Benjamin et al. use Bayesian arguments to recommend that \(P\) values should be lowered to make results reproducible–claiming an effect at \(\alpha = 0.05\) makes for too many false positives. Today we discuss elements of the argument and review progress on exercises from last time.
Logistics
Resources
**web notes from last time
Software includes:
Class code on Sakai:
clarkFunctions2021.r
Discussion reading:
- Redefining statistical significance, classical and Bayesian statisticians compromise, if \(P\) values are to used, then \(P = 0.05\) is way too high, Nature.
Optional background:
Why Big Data Could Be a Big Fail, Jordan on potential and limitations of Big Data (misleading title).
Why environmental scientists are becoming Bayesians, Clark on proliferation of Bayes in environmental science, Ecol Letters.
Bayesian method for hierarchical models: Are ecologists making a Faustian bargain?, Lele and Dennis offer contrarian view, Ecol Appl.
For next time
review basic rules in this document
review next unit here
Exercises from Unit 1 due 28 January using
exerciseTemplate.Rmd
Today’s plan
check in on
exerciseTemplate.Rmdfor assignmentsBreakout discussion of Redefining statistical significance: consensus/remaining issues with discussion questions
group summaries
Jim: P values, Bayes’ theorem for normal distribution and regression, graphs, factors, R
Objectives:
- Where does a P value come from?
- Derive posterior mean for the “normal-normal”
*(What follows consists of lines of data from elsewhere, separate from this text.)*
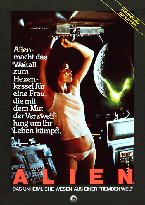 Dieses Filmplakat für "Alien - Das unheimliche Wesen aus einer fremden Welt" strahlt eine intensive Atmosphäre der Bedrohung und des Überlebenskampfes aus. Im Zentrum steht eine Frau, dargestellt von Sigourney Weaver als Ripley, die sich in einer angespannten Haltung befindet, während sie mit einer Maschine interagiert. Ihre Kleidung – ein weißes Tanktop und Unterwäsche – deutet auf eine Situation der Verletzlichkeit und des unmittelbaren Kampfes hin.
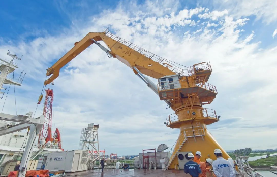中國(guó)船舶集團(tuán)旗下華南船機(jī)為“夢(mèng)想”號(hào)配套重要作業(yè)設(shè)備——50噸折臂起重機(jī),助力“夢(mèng)想”起航。
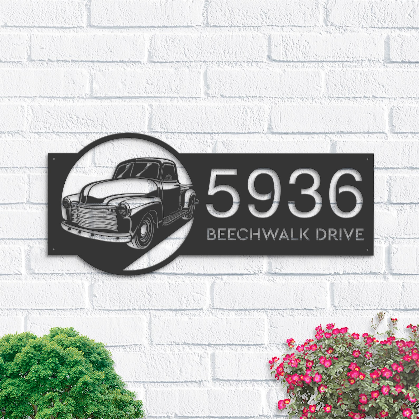 Contemporary Metal House Number with Address
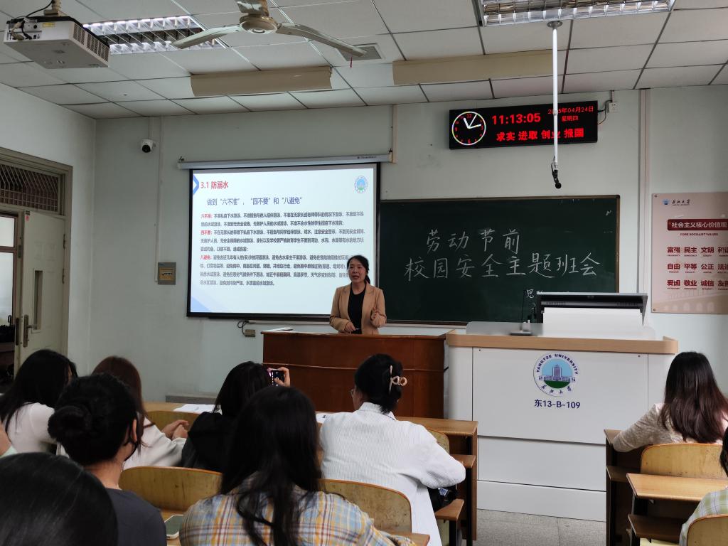 于近日组织开展了劳动节前安全教育主题班会,学院党委副书记汤慧珍、全体班主任、辅导员以及本、研学生参与其中。

- Use R for basic operations
A few rules to recall:
logs and exponentiation:
these are equivaluent: \(exp(x) = e^x\)
\(\log( e^x ) = e^{ \log x } = x\)
\(exp(y_1) exp(y_2) = exp(y_1 + y_2)\)
\(\prod_{i=1}^n exp( y_i ) = exp \left( \sum_{i=1}^n y_i \right)\)
\(log( a/b ) = log(a) - log(b)\)
Simple derivatives
\(\frac{d}{dx} \left( x^a \right) = a x^{a-1}\)
\(\frac{d}{dx} \left( e^x \right) = e^x\)
\(\frac{d}{dx} \left( e^{f(x)} \right) = \frac{df}{dx} e^{f(x)}\)
Some sample statistics
The notation \(E(y)\) refers to the expectation of \(y\). For random data it is the sample mean. We do not simply refer to it as a mean, because it is more general: a probability distribution has an expectation, even if there are no data.
mean: \(E(y) = \bar{y} = \frac{1}{n} \sum_{i=1}^n y_i\)
variance: \(Var(y) = E(y^2) - E^2(y) =\frac{1}{n} \sum_{i=1}^n (y_i - \bar{y})^2 = \frac{1}{n} \sum_{i=1}^n y^2_i - \bar{y}^2\)
covariance: \(Cov(x,y) = E(xy) - E(x)E(y) = \frac{1}{n} \sum_{i=1}^n x_i y_i - \bar{x} \bar{y}\)
Models we will encounter
Univariate response models include the following:
| Name | response | additional attributes |
|---|---|---|
| linear (LM) | normal | linear in parameters |
| linear mixed model (LMM) | normal | LM with random effects |
| generalized linear model (GLM) | discrete | linear in parameters on link scale |
| logistic regression | binomial | GLM includes logit link |
| probit regression | binomial | GLM includes probit link |
| Poisson regression | Poisson | GLM typically with log link |
| mixed GLM (GLMM) | binomial, Poisson, … | GLM with random effects |
Multivariate response models have a vector of responses:
| Name | response | additional attributes |
|---|---|---|
| linear (LM) | MVN | linear in parameters |
| categorical | multinomial | multiple classes, one outcome, MV logit or probit link |
| multinomial | multinomial | multiple classes, mulitple outcomes |
| generalized joint attribute model (GJAM) | all types | linear in parameters |
Time series have dependence in time. They can be state-space models that are normal or not for continuous states. The Kalman filter is a simple (normal-normal) state-space model. Hidden Markov model is a term are most often applied to discrete states. Autoregressive models are normal and have dependence on \(p\) previous times, e.g., AR(\(p\)).
Spatial models have dependence in space. They can be LM or GLM with \(n = 1\) and a \(m \times m\) covariance matrix \(\Sigma\), where \(m\) is the number of locations. Kriging is a traditional spatial model for continuous space. Spatial autoregressive models are used where space is viewed as discrete blocks (e.g., census tracks, counties, …).